#### [What is expected]
Say how many lines of the data contain "your", and nothing more.

#### [Data for the task]
==========

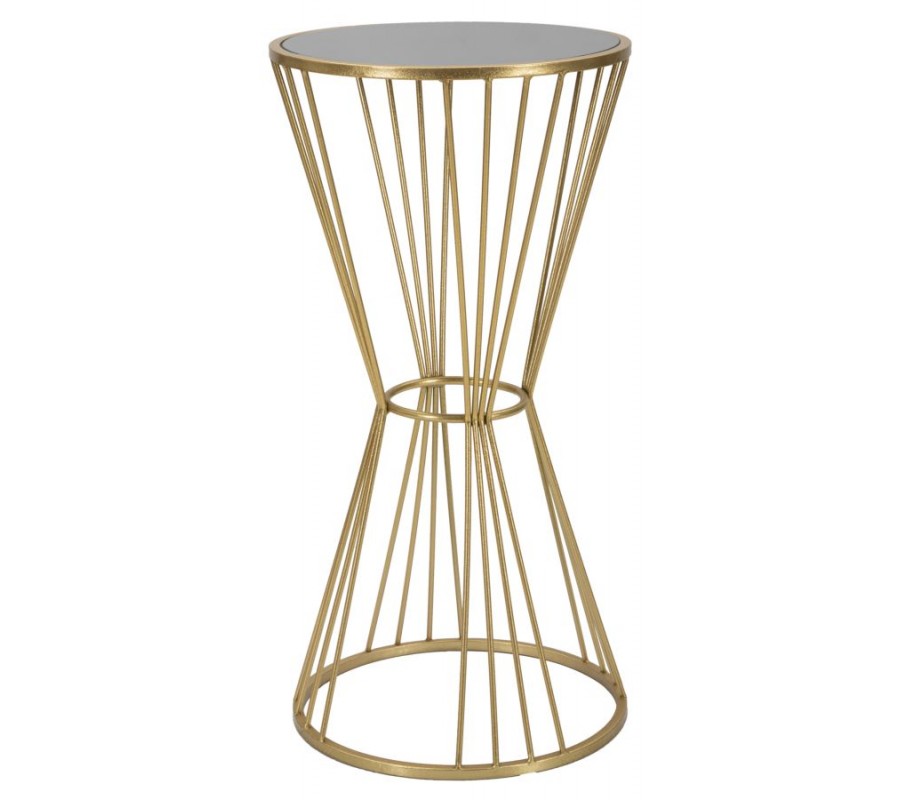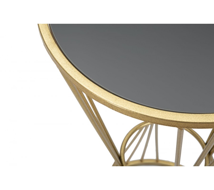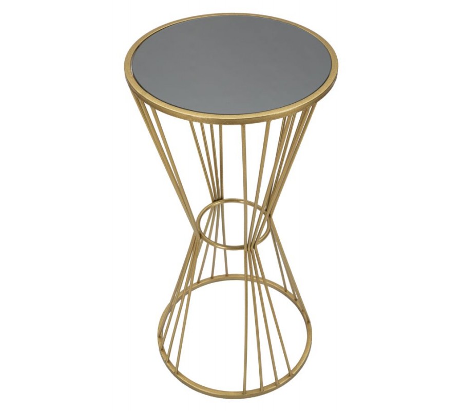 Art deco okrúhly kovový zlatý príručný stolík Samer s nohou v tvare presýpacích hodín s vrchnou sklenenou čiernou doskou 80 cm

==========

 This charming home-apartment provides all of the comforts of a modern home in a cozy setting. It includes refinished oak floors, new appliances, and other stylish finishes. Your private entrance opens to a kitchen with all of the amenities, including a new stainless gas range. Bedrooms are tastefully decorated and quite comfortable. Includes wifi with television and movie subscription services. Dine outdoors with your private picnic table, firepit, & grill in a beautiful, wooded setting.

==========

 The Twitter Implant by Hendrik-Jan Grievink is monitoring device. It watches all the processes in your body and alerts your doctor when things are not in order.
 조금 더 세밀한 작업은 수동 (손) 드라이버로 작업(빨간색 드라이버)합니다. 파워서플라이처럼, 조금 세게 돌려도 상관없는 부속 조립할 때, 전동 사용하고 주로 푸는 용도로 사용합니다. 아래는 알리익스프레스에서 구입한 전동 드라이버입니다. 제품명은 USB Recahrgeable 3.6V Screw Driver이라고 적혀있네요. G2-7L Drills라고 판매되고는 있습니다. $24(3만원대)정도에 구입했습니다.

==========

#### [Solved problem]
2